Guaranteed QoS prevents the pod from being evicted under node memory pressure and gives it priority CPU access.
The Proof
After reducing cache to 5 GB and setting Guaranteed QoS:
| Metric | Before | After |
|---|---|---|
| OOM kills per month | 4-8 | 0 |
| CFS throttle rate | 12% | 0.3% |
| WiredTiger cache evictions/s | 200 | 350 (acceptable) |
| p99 read latency | 45ms (with spikes to 500ms) | 22ms |
| Pod restarts per month | 4-8 | 0 (planned only) |
The Trade-off
Reducing the WiredTiger cache from 7 GB to 5 GB increases cache evictions. More queries hit disk instead of cache. The p50 read latency increases from 3ms to 5ms because more reads go to storage. For the telemetry platform, where most queries target recent data (which fits in 5 GB of cache), the impact is minimal. For a workload with a large random-access working set, the cache reduction would be more painful.

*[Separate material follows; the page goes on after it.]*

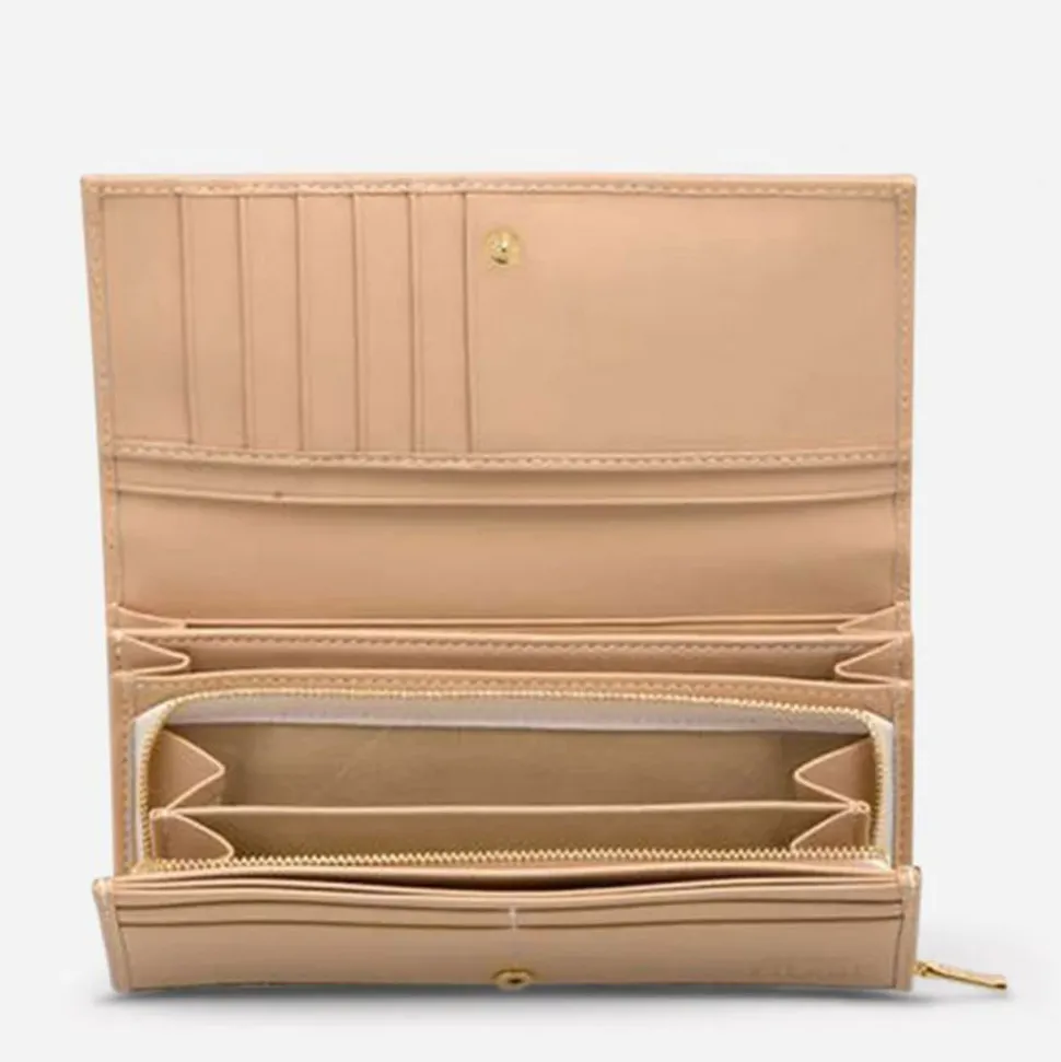 Interno: 10 fessure per carte di credito, 3 scomparti per ricevute, 2 tasche per banconote, portamonete con zip

Setting CPU requests equal to limits (Guaranteed QoS) means the pod reserves 8 CPUs even when idle. In a shared Kubernetes cluster, this wastes resources. The alternative is Burstable QoS (requests < limits), which allows the pod to burst above its request but risks throttling under contention. For a production database, Guaranteed QoS is worth the resource cost.